In truth, the Sandiganbayan acted in accordance with law and with sufficient compassion. It did not gravely
abuse its discretion. Thus, this Petition should be dismissed.
XI
Those that read a decision which does not fully respond to the legal issues outlined in this dissent may be
tempted to conclude that the decision is the result of obvious political accommodation rather than a
judicious consideration of the facts and the law. This case may benefit one powerful public official at the
cost of weakening our legal institutions. If it is pro hac vice, then it amounts to selective justice. If it is
meant to apply in a blanket manner for all other detainees, then it will weaken the administration of justice
because the judicial standards are not clear.
Without further clarity, our signal to the various divisions of the Sandiganbayan hearing these complex and
politically laden plunder cases can be misinterpreted. Rather than apply the Rule of Law without fear or
favor, the sitting justices will become more sensitive to the demands of those who have political influence.
After all, in their minds, even if they do what is expected of them, this court may still declare that the
Sandiganbayan gravely abused its discretion.
The granting of bail is a judicial function circumscribed within the bounds of the Constitution. Our duty is to
ensure the realization of the Rule of Law even in difficult cases. This case does not really present any kind
of legal complexity if we blind ourselves as to who is involved. It is complex only because it is political.

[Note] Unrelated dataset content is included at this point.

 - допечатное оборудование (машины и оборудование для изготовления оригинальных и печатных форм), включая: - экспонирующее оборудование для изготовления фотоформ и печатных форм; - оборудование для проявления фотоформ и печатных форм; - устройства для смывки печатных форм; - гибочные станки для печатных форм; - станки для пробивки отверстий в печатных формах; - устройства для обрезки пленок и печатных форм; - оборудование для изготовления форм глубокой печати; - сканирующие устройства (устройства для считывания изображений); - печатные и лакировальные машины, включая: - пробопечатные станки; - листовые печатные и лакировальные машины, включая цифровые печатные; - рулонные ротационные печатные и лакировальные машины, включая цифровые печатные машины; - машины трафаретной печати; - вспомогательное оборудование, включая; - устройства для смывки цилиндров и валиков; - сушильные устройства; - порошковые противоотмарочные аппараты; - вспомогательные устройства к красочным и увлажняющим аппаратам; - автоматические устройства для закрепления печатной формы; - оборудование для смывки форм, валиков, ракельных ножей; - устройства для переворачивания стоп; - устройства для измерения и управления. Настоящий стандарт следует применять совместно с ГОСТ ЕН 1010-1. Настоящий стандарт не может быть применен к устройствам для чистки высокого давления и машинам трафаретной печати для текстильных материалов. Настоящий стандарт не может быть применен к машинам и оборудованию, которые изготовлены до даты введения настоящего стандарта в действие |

The grant of provisional liberty to petitioner without any determination of whether the evidence of guilt is
strong violates the clear and unambiguous text of the Constitution. It may be that, as citizens, we have our
own opinions on or predilections for how the balance of fundamental rights, liberties, and obligations
should be. It may be that, as citizens, such opinions are founded on our wealth of knowledge and
experience.
But, as members of this court, our duty is to enforce the exact textual formulation of the fundamental
document written and ratified by the sovereign. This fealty to the text of the Constitution will provide us
with a stable anchor despite the potential political controversies that swirl over the legal questions that we
need to decide. It is also this fealty to the text of the Constitution that gives this court the legitimacy as
the final bastion and the ultimate sentinel of the Rule of Law.

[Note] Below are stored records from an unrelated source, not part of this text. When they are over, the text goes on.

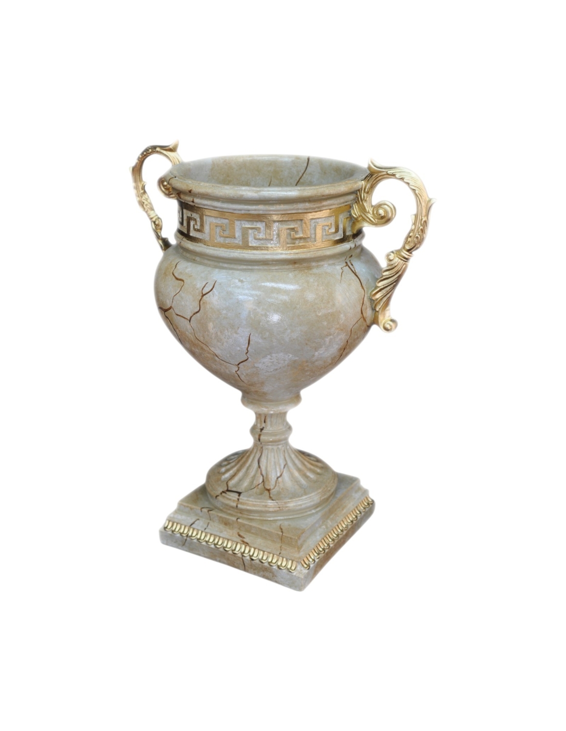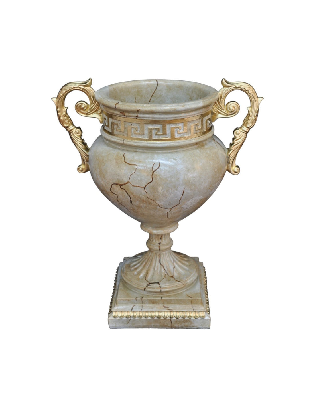 Mariage magistral de design classique et contemporain, ce vase amphore effet marbre est une magnifique pièce décorative. Son corps magnifiquement sculpté, imitant avec brio les veinures subtiles du marbre naturel, est agrémenté de poignées dorées complexes et d'ornements détaillés, créant un effet véritablement opulent. Fabriqué en résine de haute qualité et résistante aux intempéries, cet objet durable et léger est parfait pour une utilisation intérieure comme extérieure. Son design sophistiqué en fait un ajout remarquable et polyvalent à toute maison, bar ou jardin, qu'il soit utilisé comme contenant pour des fleurs ou comme œuvre d'art unique.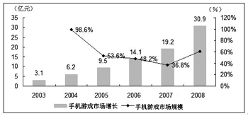 國內(nèi)手機(jī)游戲市場(chǎng)在過去的幾年里呈現(xiàn)快速發(fā)展的趨勢(shì)。2004年增長率接近100%,2005年也有50%以上的增長。但最近兩年國內(nèi)整個(gè)手機(jī)游戲市場(chǎng)隨著手機(jī)普及率的增速放緩也進(jìn)入了盤整期。iResearch咨詢估計(jì),從2005年至2007年,國內(nèi)手機(jī)游戲市場(chǎng)的收入規(guī)模盡管仍然處于上漲趨勢(shì),但年增長率逐年下降,2008年后隨著市場(chǎng)環(huán)境更加成熟理性,年增長率將會(huì)出現(xiàn)反彈,升至60%以上。
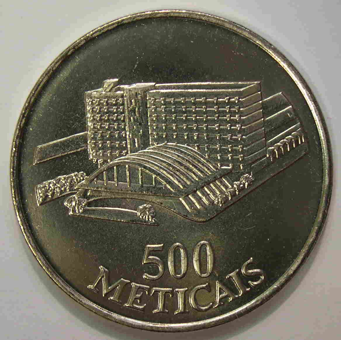 Referencia:10146 MOZAMBIQUE. 500 METICAIS. 1994. "EDIFICIO". KM 121. SC. NIQUEL-ACERO

As the apex of the judiciary, the very sentinels of the Rule of Law, the court from whom all other courts
like the Sandiganbayanshould find inspiration and courage, we should apply the law squarely and
without fear or favor. We should have collectively carried the burden of doing justice properly and denied
this Petition.
Indeed, mercy and compassion temper justice. However, mercy and compassion should never replace
justice. There is injustice when we, as the court of last resort, conveniently rid ourselves of the burden of
enforcing the Rule of Law by neglecting to do the kind of rigorous, deliberate, and conscious analysis of the
issues raised by the parties. There is injustice when we justify the result we want with ambiguous and
unclear standards.
Compassion as an excuse for injustice not only fails us as justices of this court. It also fails us in our own
humanity.
ACCORDINGLY, I vote to DISMISS the Petition. The Motion to Fix Bail should be treated by the
Sandiganbayan as a petition for bail under Rule 114, Section 5 of the Rules of Court.